Source data:
============================================================

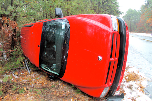 Icy roads from Wednesday night’s nor’easter caused a rollover crash in Calverton Thursday morning, Riverhead police said.
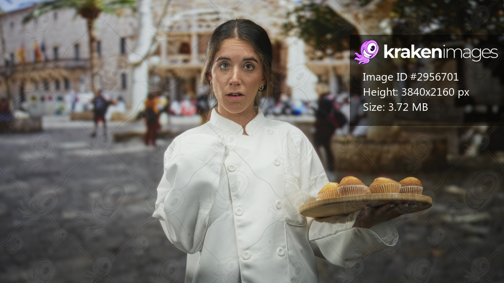 Woman chef holding a wooden tray of muffins, open mouth and hand on chest gesture, wearing white coat in a busy street plaza with trees and stone buildings; surprise hospitality. - Kraken Images
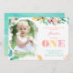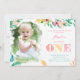 Carte photo couleur d'aquarelle Luau 1er anniversaire invitations pour la célébration de votre petite fille
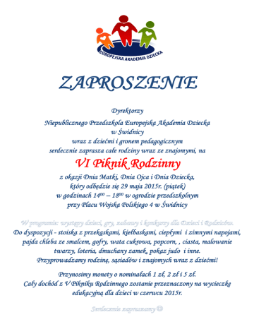ZAPROSZENIE Dyrektorzy Niepublicznego Przedszkola Europejska Akademia Dziecka w Świdnicy wraz z dziećmi i gronem pedagogicznym serdecznie zaprasza całe rodziny wraz ze znajomymi, na VI Piknik Rodzinny z okazji Dnia Matki, Dnia Ojca i Dnia Dziecka, który odbędzie się 29 maja 2015r. (piątek) w godzinach 1400 – 1800 w ogrodzie przedszkolnym przy Placu Wojska Polskiego 4 w Świdnicy Do dyspozycji - stoiska z przekąskami, kiełbaskami, ciepłymi i zimnymi napojami, pajda chleba ze smalcem, gofry, wata cukrowa, popcorn, , ciasta, malowanie twarzy, loteria, dmuchany zamek, pokaz judo i inne. Przyprowadzamy rodzinę, sąsiadów i znajomych wraz z dziećmi! Przynosimy monety o nominałach 1 zł, 2 zł i 5 zł. Cały dochód z V Pikniku Rodzinnego zostanie przeznaczony na wycieczkę edukacyjną dla dzieci w czerwcu 2015r.
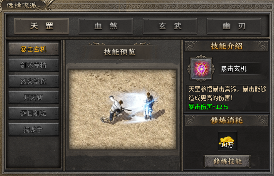 天罡:爆发型战士,使用开天斩逐日剑法对人造成致命一击

============================================================

→ TO DO
Transcribe exactly the lines from the one containing "ZAPROSZENIE Dyrektorzy Niepublicznego" through the last line of the records above, and nothing else. Leave out the pictures.

→ TASK SOLUTION
ZAPROSZENIE Dyrektorzy Niepublicznego Przedszkola Europejska Akademia Dziecka w Świdnicy wraz z dziećmi i gronem pedagogicznym serdecznie zaprasza całe rodziny wraz ze znajomymi, na VI Piknik Rodzinny z okazji Dnia Matki, Dnia Ojca i Dnia Dziecka, który odbędzie się 29 maja 2015r. (piątek) w godzinach 1400 – 1800 w ogrodzie przedszkolnym przy Placu Wojska Polskiego 4 w Świdnicy Do dyspozycji - stoiska z przekąskami, kiełbaskami, ciepłymi i zimnymi napojami, pajda chleba ze smalcem, gofry, wata cukrowa, popcorn, , ciasta, malowanie twarzy, loteria, dmuchany zamek, pokaz judo i inne. Przyprowadzamy rodzinę, sąsiadów i znajomych wraz z dziećmi! Przynosimy monety o nominałach 1 zł, 2 zł i 5 zł. Cały dochód z V Pikniku Rodzinnego zostanie przeznaczony na wycieczkę edukacyjną dla dzieci w czerwcu 2015r.
 天罡:爆发型战士,使用开天斩逐日剑法对人造成致命一击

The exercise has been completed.